Eminent membre de Cold Cave, le musicien américain Dominick Fernow développe sous ce nouveau projet une autre conception de la violence…


«I don’t consider Prurient to be music». Dominick Fernow

Ceux qui suivent de près les diverses pérégrinations de Dominick Fernow vous l’assureront : la nouvelle orientation sonore du musicien est une évolution logique dans le contexte de ses récents projets. Le musicien américain, membre de Cold Cave et à la tête de Hospital Productions, produit depuis peu sous le pseudonyme de Vatican Shadow une musique industrielle minimale et qui peut sembler bien loin de la dureté d’un Prurient de History of Aids ou encore de And Still, Wanting.

Or on aurait tort de penser qu’il renonce par là à une certaine idée d’exclusion et de répulsion que propagent ses compositions. Car s’il est plus complexe dans sa violence, Bermuda Drain paraît décidément de cette veine-là, agressive et fulgurante.

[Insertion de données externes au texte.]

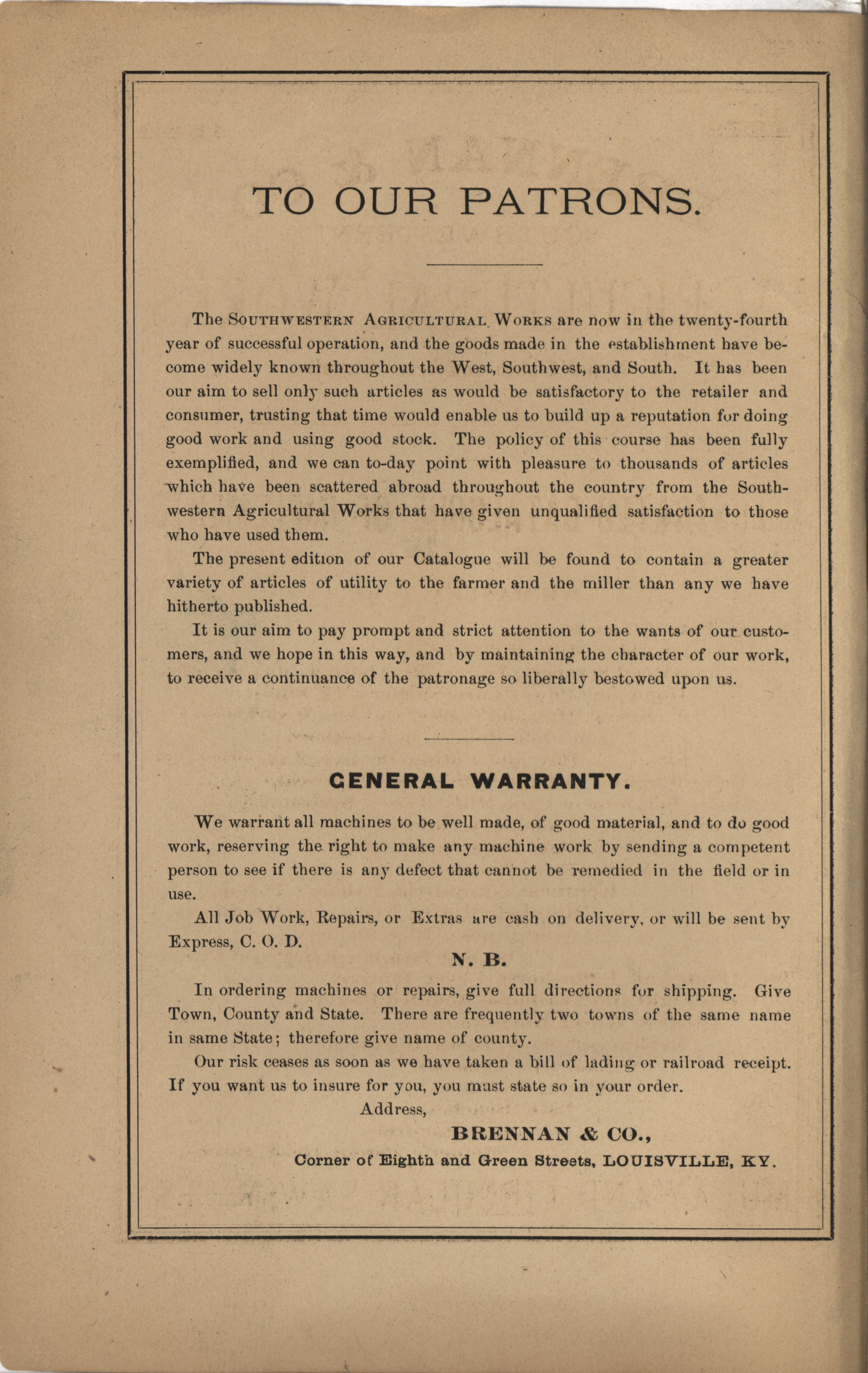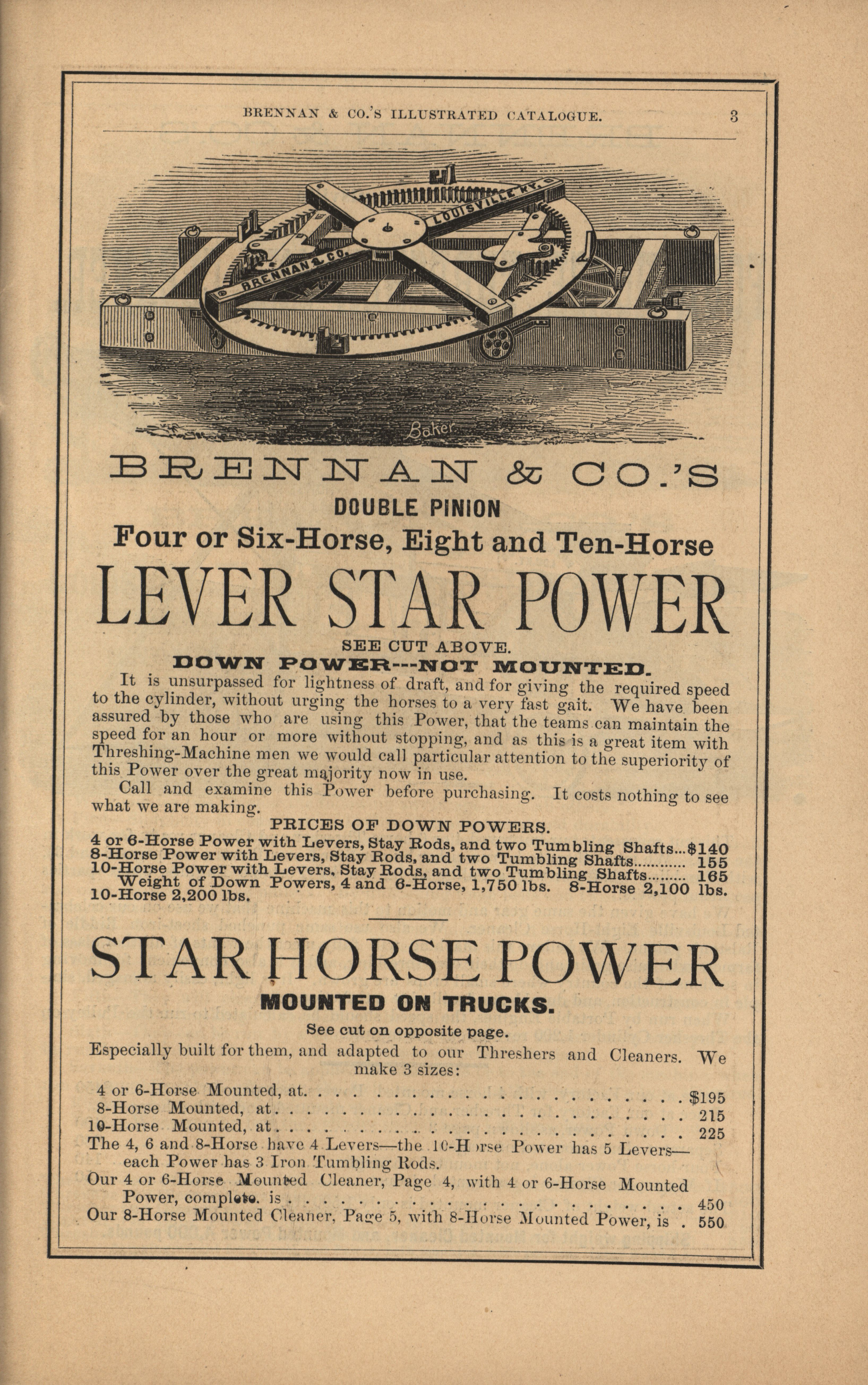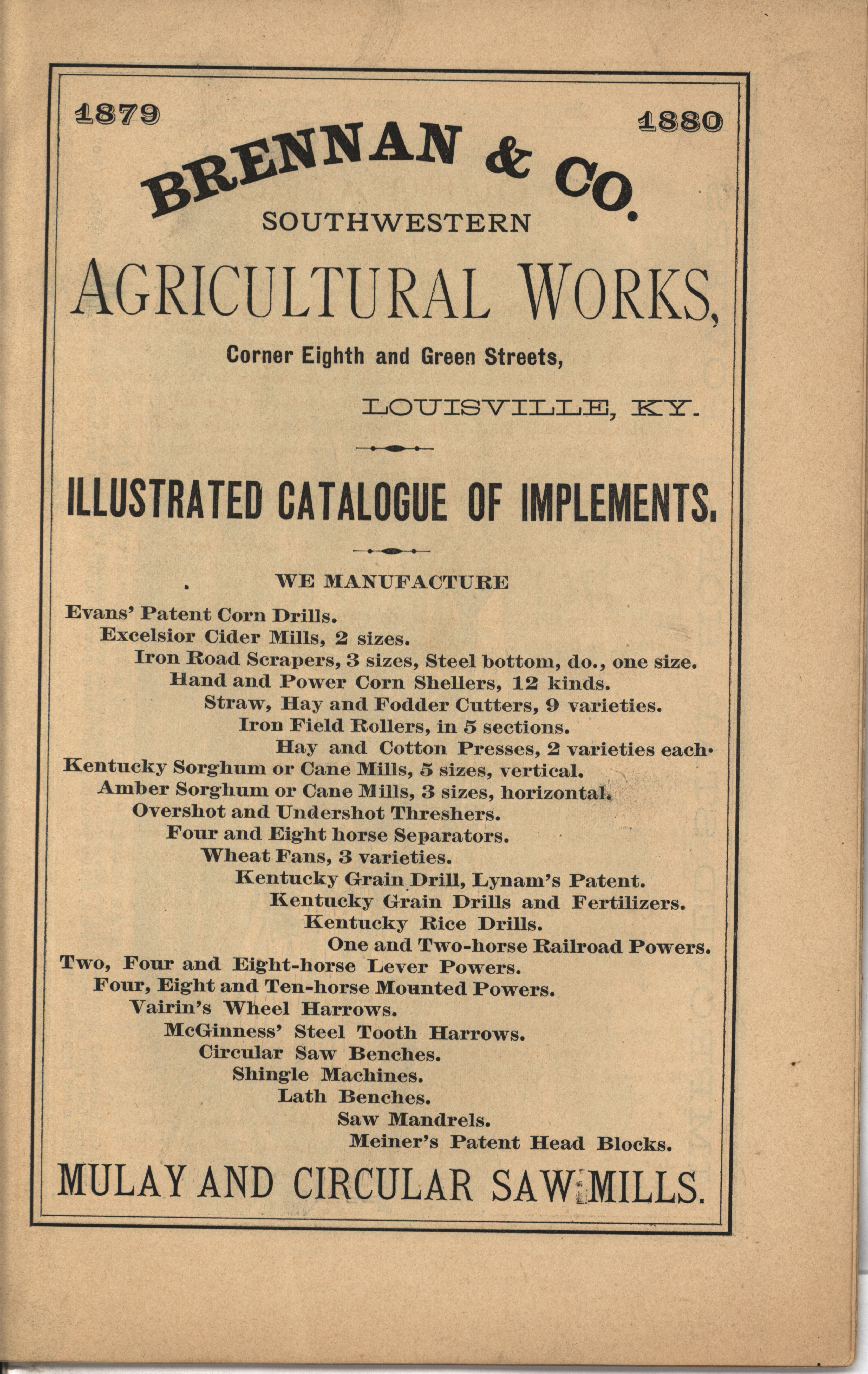 - Illustrated catalog describing the agricultural products offered by Brennan and Company Southwestern Agricultural Works from 1879-1880.
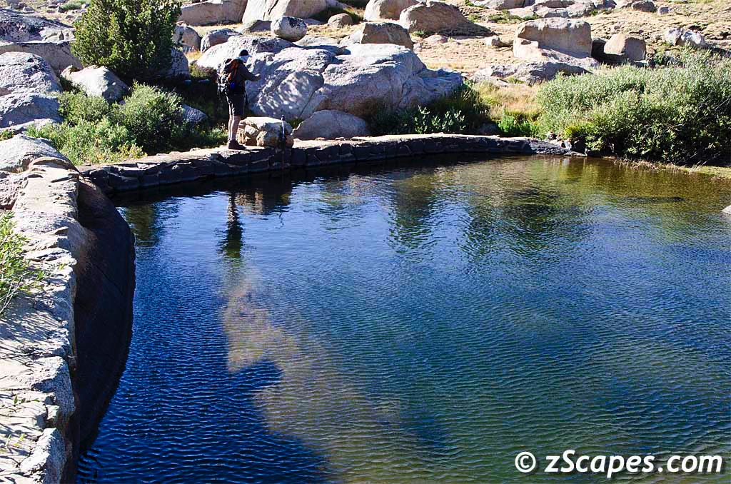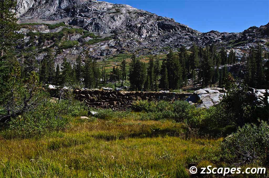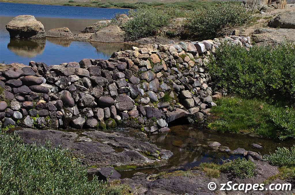 Year 26 was to be a short trip for our annual wilderness trek because a dry snow/rain year had taken a toll on most of the Emigrant. However, a series of check dams at High and Emigrant Meadow Lake hold back the winter snow melt-- as they were intended when constructed between 1920 and 1951-- and Emigrant Lake was still high. The series of 18 lakes with 48 small streamflow dams, mostly using native rocks, was the brain child of Fred Leighton a local outdoorsman who installed them to hold back winter snow melt to create sustainable fisheries, increase riparian meadows for wildlife forage and provide emergency water storage. Leighton began this as a conservation project prior to the arrival of wilderness designation in 1975. Unfortunately, politics has taken a toll and we now are now seeing a slow deterioration of these unobtrusive structures that are woven into the history of these unique lands. (click here for a USFS 2003 listing of Emigrant check-flow dams)
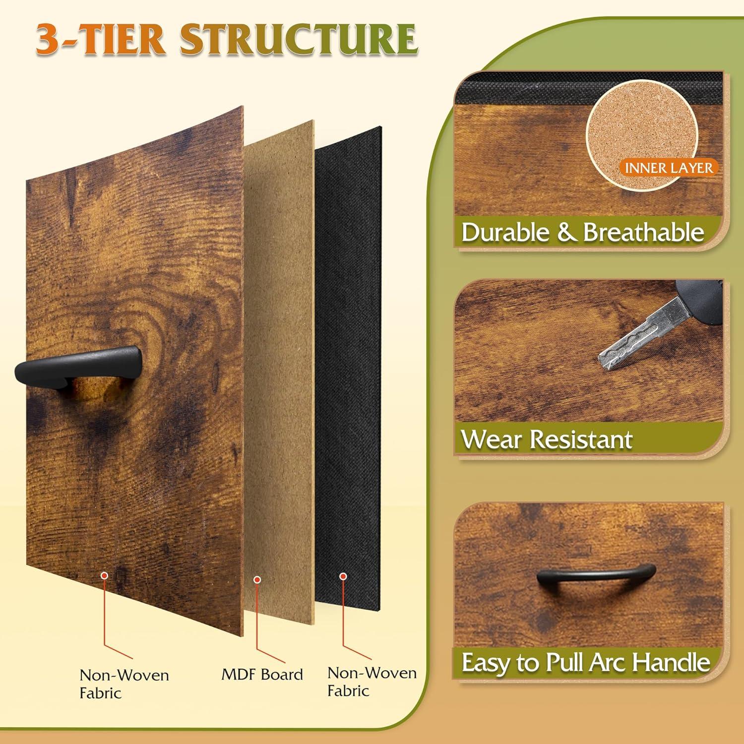 【✨ Durable Quality Material】The drawer surface is composed of three layers of high-quality fiberboard, easy-to-clean PVC and breathable non-woven fabric, the woodtop is made of P2 grade artificial wood, scratch resistant and easy to clean, the material process and safety are strictly tested by EPA&SGS, health and environmental protection, excellent quality for you and your family to create a peaceful life!

En plus de l’usage des synthés, la mélodie y fait son apparition dans une forme explicite, alors qu’elle était plutôt maltraitée dans les travaux précédents ; c’est aussi le cas de la voix, posée, parlée, chantée, bref, dans tous ses états et non seulement comme hurlement. Se dessine donc chez Fernow une nouvelle posture, qui comprend une redistribution des ingrédients sonores. Ces derniers sont à proprement parler inversés : la mélodie qui voulait percer à travers la surface rigide se constitue désormais comme cette surface même ; elle devient le décor d’où le cri se dégage, et cela non sans agressivité ; ce qui donne à l’album cet aspect si dérangeant et perturbateur, dérangeant car l’agitation trouve sa source dans le calme, et perturbateur car l’attente est déjouée constamment. Les morceaux s’enchaînent et ne se ressemblent pas, mais l’univers de la colère y transparait, originel et identique.

Il ne fait pas de doute que Bermuda Drain divise: malgré son apparente simplicité et son accessibilité, c’est un album insaisissable, brouillant les catégories et obligeant à élargir la définition même de la musique noise. Visiblement, l’ambition de Fernow s’inscrit dans cette volonté de rendre à cette dernière sa véritable force en la détachant d’une sonorité spécifique quelconque. Dans un récent entretien, le musicien déclare rêver d’une communication directe des sentiments qu’il désire véhiculer à travers Prurient, cela grâce à l’effacement total du médium. Il ajoute par ailleurs que la noise, à l’origine, est cette manière de créer qui interpelle, qui suspend le jugement de goût. Malgré ce désir « impossible », les affirmations de Fernow attirent l’attention sur la possibilité d’une évaluation critique relevant ni de la normativité ni de l’avis totalement subjectif. Bermuda Drain rappelle d’une certaine manière cette entaille profonde chez celui pour qui l’expérience de la musique n’est pas un simple compagnon de route; elle est « agonie et douleur et désarroi et paralysie et aliénation », volonté de savoir et de faire-savoir.